On 2022 March 10, an ICME was detected by Solar Orbiter (Müller et al. 2020) at 0.45 au with both dispersive SEP onset signatures and locally accelerated particles near the ICME-associated shock structure. This IP shock was later detected on 2022 March 14 by ACE at 1 au, when ACE was nearly radially aligned with Solar Orbiter (within 7.2° longitude and 2.9° latitude). Given this specific configuration, this event provides a prime opportunity to better understand the radial dependence of ICME-driven shock-associated particle acceleration. Additionally, according to simulations, a SIR is expected to be continuously interacting with the ICME during its propagation to 1 au. We present an analysis of the radial evolution of ICME-associated species-dependent acceleration processes from 0.45 to 1 au for the 2022 March 10 ICME. Section 2 provides an overview of the event, and Section 3 presents the SEP and ESP spectra. A discussion of the results is given in Section 4, and the conclusions are given in Section 5.

2. Observations

2.1. Instrumentation

For this study, data from the Magnetometer (MAG; Horbury et al. 2020), Solar Wind Analyser – Proton-Alpha Sensor (SWA-PAS; Owen et al. 2020), and the Energetic Particle Detector (EPD; Rodríguez-Pacheco et al. 2020; Wimmer-Schweingruber et al. 2021) on Solar Orbiter were utilized. EPD consists of the SupraThermal Electrons and Protons (STEP), the Electron Proton Telescope (EPT), the Suprathermal Ion Spectrograph (SIS), and the High-Energy Telescope (HET) sensors. For ACE at 1 au, observations from the Magnetometer (MAG; Smith et al. 1998), Solar Wind Electron, Proton, and Alpha Monitor (SWEPAM; McComas et al. 1998), the Electron, Proton, and Alpha Monitor (EPAM; Gold et al. 1998) and the Ultra Low Energy Isotope Spectrometer (ULEIS; Mason et al. 1998) were utilized. These instruments provide magnetic field vectors (MAG from both spacecraft); thermal ion velocity, density, and temperature measurements (SWA-PAS and SWEPAM); and ion particle flux over a broad range of energies (2–80 keV for STEP, 25 keV–6.4 MeV for EPT, and 6.8–107 MeV for HET on EPD at 0.45 au, 50 keV–5 MeV for EPAM at 1 au). Measurements from these instruments were also used to compute various plasma parameters at the two heliospheric distances (see Table 1; the methods are given in Appendix A).

Table 1.

Plasma and IP shock parameters observed at Solar Orbiter and ACE.
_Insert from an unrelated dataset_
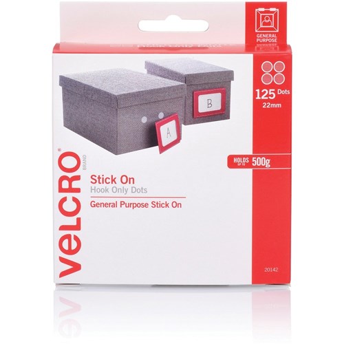 Velcro Brand Stick On Hook Only 22mm 125 Dots With Dispenser White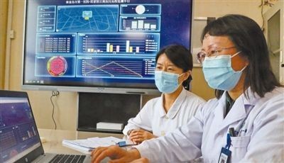 河北省秦皇岛市第一医院心内科三病区主任刘丽(右)和护士长崔蕊依托“互联网+大数据”,在电脑上远程查看患者健康数据。

For suprathermal ion composition, we also analyzed particle flux and energy data from SIS on board Solar Orbiter and ACE ULEIS. Both instruments are high resolution time-of-flight mass spectrometers that identify ion mass and energy through measurements of both the time-of-flight and residual kinetic energy of particles that enter the telescope acceptance cone. While SIS is well suited to measure ion species from H–Fe, ULEIS was optimized for species from He–Fe, with a very low efficiency (< 1%) for H particles. As such, this study focuses on 4He, C, O, and Fe from both SIS and ULEIS as well as H from only SIS.
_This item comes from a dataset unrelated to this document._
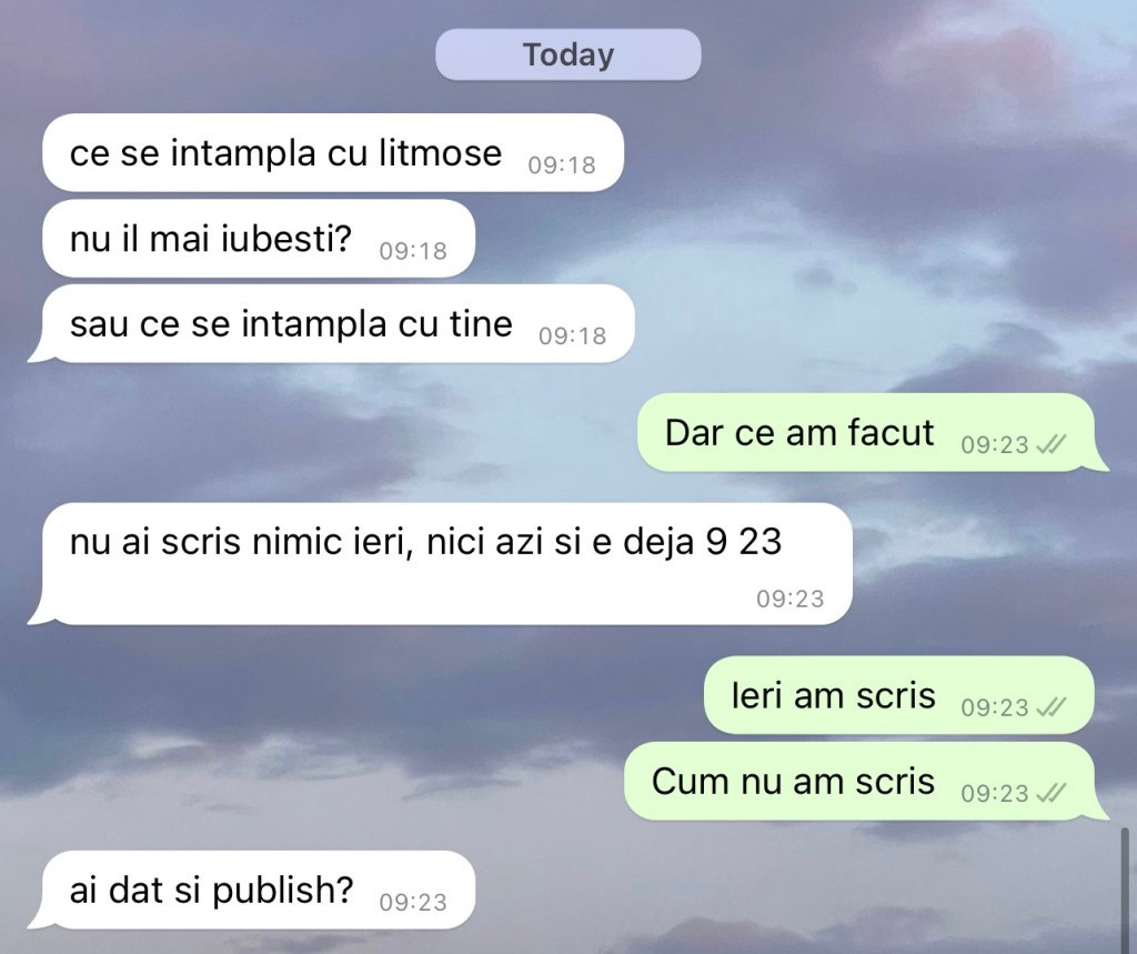 18:35 s a schimbat programul la glutes. Yes, it’s worse. Cand am intrat, un tip le a certat iara pe doamnele de la receptie ca nu merge scara rulanta. Dar ai venit la sala, dude. E un tip la bodypump care inainte de clasa vorbeste cu toate fetele. Are dread-uri, ii ajung pana la fund. Dupa 30 de minute de glutes aveam 21 de notificari, un nou grup de whatsapp format, 2 apeluri pierdute si un photo memory de la tulcea de acum un an sau 2. Nu am sunat pe nimeni inapoi si nici nu am dat cu seen – ca mi am scos bifele albastre de la whatsapp

To compute the initial kinematics of the CME-driven shock expansion near the Sun, we used the open-sourced PyThea code package (Kouloumvakos et al. 2022) with remote sensing observations from the Large Angle Spectroscopic Coronagraph (LASCO; Brueckner et al. 1995) on board the Solar and Heliospheric Observatory spacecraft (SOHO; Domingo et al. 1995), specifically its two externally occulted telescopes, LASCO-C2 and LASCO-C3, as well as the coronagraph COR2 on board STEREO-A (not shown; Howard et al. 2008). Through fitting remote-sensing observations to an ellipsoid model, it is able to calculate the kinematics and three-dimensionally reconstruct shock waves.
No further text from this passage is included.